» Task statement: Using the data beneath this instruction, retype only the lines from the one that contains "El segundo grupo" down to the one that contains "③水を少しずつ加え、全体がし", both included, exactly as they appear.

» Materials provided:
--------
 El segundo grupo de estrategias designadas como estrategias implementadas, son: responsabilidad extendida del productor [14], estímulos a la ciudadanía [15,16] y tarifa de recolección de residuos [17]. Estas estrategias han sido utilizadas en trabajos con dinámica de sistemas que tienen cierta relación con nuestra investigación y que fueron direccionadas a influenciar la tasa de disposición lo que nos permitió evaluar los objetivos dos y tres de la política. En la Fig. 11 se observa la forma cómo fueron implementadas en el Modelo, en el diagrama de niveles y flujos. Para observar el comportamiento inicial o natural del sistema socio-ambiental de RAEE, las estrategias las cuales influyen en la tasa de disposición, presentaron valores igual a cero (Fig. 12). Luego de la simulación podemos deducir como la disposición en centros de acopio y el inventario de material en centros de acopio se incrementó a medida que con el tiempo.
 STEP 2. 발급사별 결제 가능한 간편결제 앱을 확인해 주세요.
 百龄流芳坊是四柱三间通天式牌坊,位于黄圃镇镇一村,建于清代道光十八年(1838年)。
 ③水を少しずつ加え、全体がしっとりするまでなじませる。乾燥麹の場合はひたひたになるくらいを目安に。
--------
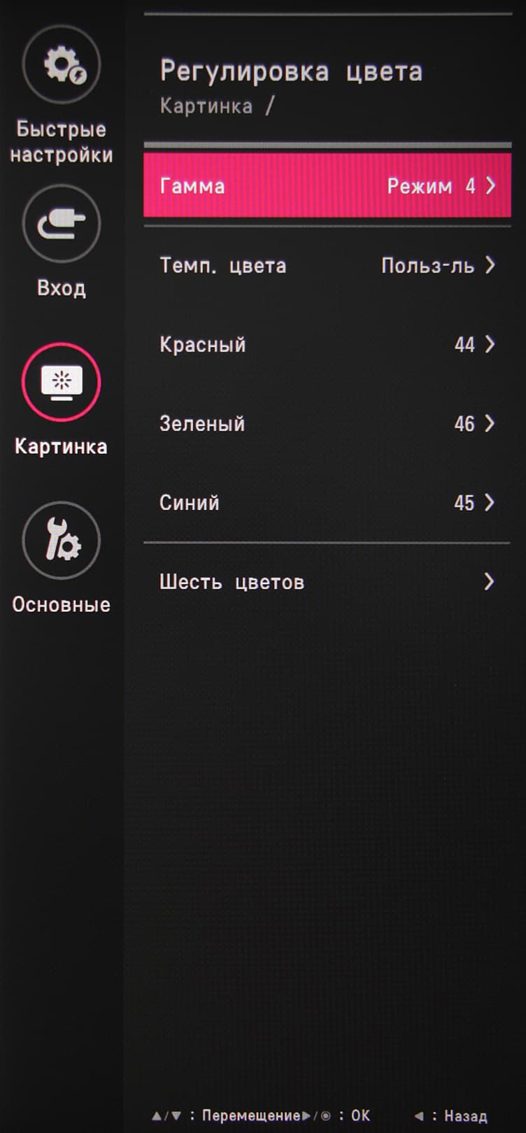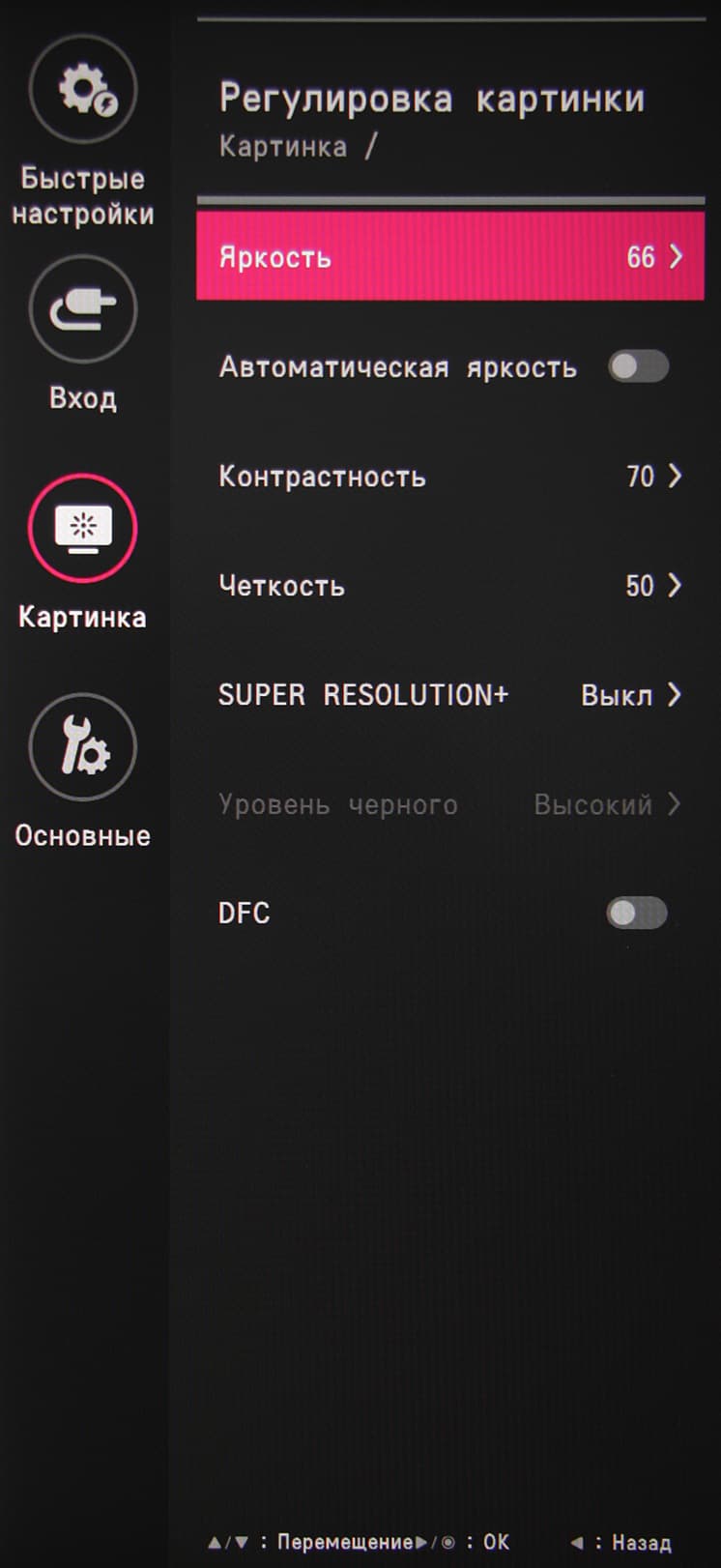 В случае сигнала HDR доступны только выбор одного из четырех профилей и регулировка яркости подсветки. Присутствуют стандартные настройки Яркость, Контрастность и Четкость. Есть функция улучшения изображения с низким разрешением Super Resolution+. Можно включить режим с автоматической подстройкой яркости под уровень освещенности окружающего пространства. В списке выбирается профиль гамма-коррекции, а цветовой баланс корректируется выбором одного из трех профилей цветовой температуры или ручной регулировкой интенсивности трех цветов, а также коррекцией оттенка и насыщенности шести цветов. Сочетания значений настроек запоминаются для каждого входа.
--------
» Exercise result:
 El segundo grupo de estrategias designadas como estrategias implementadas, son: responsabilidad extendida del productor [14], estímulos a la ciudadanía [15,16] y tarifa de recolección de residuos [17]. Estas estrategias han sido utilizadas en trabajos con dinámica de sistemas que tienen cierta relación con nuestra investigación y que fueron direccionadas a influenciar la tasa de disposición lo que nos permitió evaluar los objetivos dos y tres de la política. En la Fig. 11 se observa la forma cómo fueron implementadas en el Modelo, en el diagrama de niveles y flujos. Para observar el comportamiento inicial o natural del sistema socio-ambiental de RAEE, las estrategias las cuales influyen en la tasa de disposición, presentaron valores igual a cero (Fig. 12). Luego de la simulación podemos deducir como la disposición en centros de acopio y el inventario de material en centros de acopio se incrementó a medida que con el tiempo.
 STEP 2. 발급사별 결제 가능한 간편결제 앱을 확인해 주세요.
 百龄流芳坊是四柱三间通天式牌坊,位于黄圃镇镇一村,建于清代道光十八年(1838年)。
 ③水を少しずつ加え、全体がしっとりするまでなじませる。乾燥麹の場合はひたひたになるくらいを目安に。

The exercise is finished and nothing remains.